Given that the mental limitations stated by the first two doctors were encompassed by the mental limitations contained in the descriptions of unskilled work, the court found that the distinction between skill level and mental functions recognized in Chapo did not apply with respect to the mental limitations found by doctors Wyne and Walker. Id. at 876. With regard to Dr. Mellon, however, the court found the distinction to be relevant. Id. This is because "[n]one of the basic mental abilities of unskilled work described in SSR 85-15 captures any of the three moderate limitations Dr. Mellon found (carry out instructions, attend and concentrate, and work without supervision), nor do the additional limitations to simple, routine, and repetitive tasks." Id. at 876. Thus, the court held, these limitations "must be related with sufficient precision in a dispositive hypothetical to a VE and in an RFC finding." Id. at 876. Because "[t]he limitation to simple, routine, repetitive, and unskilled tasks the ALJ included in his hypothetical to the VE did not clearly relate the moderate impairments Dr. Mellon found . . . the ALJ's reliance on the jobs the VE identified in response to the hypothetical was not supported by substantial evidence." Id. at 876.

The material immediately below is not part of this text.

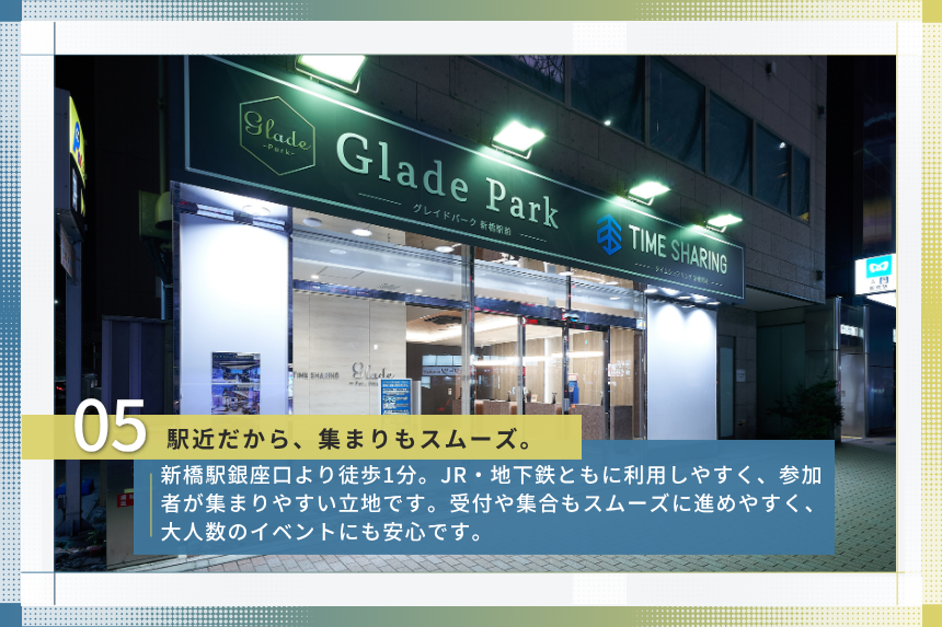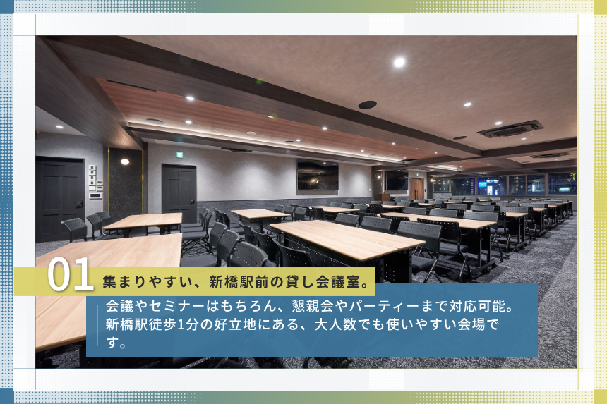 新橋駅銀座口より徒歩1分というアクセスの良さも、この会場の大きな特長です。 JR・地下鉄ともに利用しやすく、都内各所からのアクセスも良好。遠方からの参加者を招くイベントや、 業務後に集まる懇親会、複数部署が集まる社内イベントなどでも、参加しやすい会場として活用できます。

The mental limitations at issue in this case are similar to those Dr. Mellon found and unlike those doctors Wyne and Walker found. Similar to the mental limitations Dr. Mellon found in Jaramillo, Dr. Cox here found the claimant to be markedly limited in her ability to understand and remember detailed instructions and moderately limited in her ability to complete a normal workday without interruption from psychologically based symptoms. AR 604. Further, Dr. Murphy concluded that Plaintiff's ability to carry out instructions, to concentrate and to persist at tasks is markedly limited by her psychological problems. AR 585. Accordingly, consistent with what the Tenth Circuit found in Jaramillo, I find that the ALJ's reliance on the jobs the VE identified in response to the hypothetical was not supported by substantial evidence.

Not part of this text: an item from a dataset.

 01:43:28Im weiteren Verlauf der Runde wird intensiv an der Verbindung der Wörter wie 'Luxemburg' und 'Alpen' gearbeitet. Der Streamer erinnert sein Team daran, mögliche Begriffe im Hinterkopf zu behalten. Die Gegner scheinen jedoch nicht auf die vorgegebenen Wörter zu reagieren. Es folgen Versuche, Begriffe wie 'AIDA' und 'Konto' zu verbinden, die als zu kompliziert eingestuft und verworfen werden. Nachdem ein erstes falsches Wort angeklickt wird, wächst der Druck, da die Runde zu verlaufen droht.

Hernandez, the other case Defendant relies on, is consistent with Jaramillo's teaching that, in determining whether a limitation to unskilled work adequately accounts for a particular mental health limitation, a court should consider whether a distinction exists between the mental health limitation at issue and the mental requirement necessary for unskilled work. See Jaramillo, 576 Fed.Appx at 876. The only mental health limitation at issue in Hernandez was the plaintiff's learning disorder. Hernandez, 567 Fed.Appx. at 582. Given that a limitation to unskilled work accommodates a plaintiff's inability to learn skills, the Tenth Circuit determined that the case presented a circumstance in which a particular mental limitation was obviously accommodated by a reduction in the skill level. Id. at 582-83. Nonetheless, the court made sure to acknowledge that in other cases "a limitation to `unskilled' work may be too broad to account for all the limitations where an ALJ makes specific findings regarding a claimant's mental impairments." Id. at 583. For the reasons stated above, the instant case is not like Hernandez but, rather, one in which a limitation to unskilled work is too broad to account for all the limitations regarding Plaintiff's mental impairments.
IT IS THEREFORE ORDERED that Plaintiff's Motion to Reverse and Remand (ECF NO. 21) is GRANTED. The Social Security Commissioner's denial of Plaintiff's claim for disability benefits is reversed and the case is remanded for further proceedings consistent with this opinion.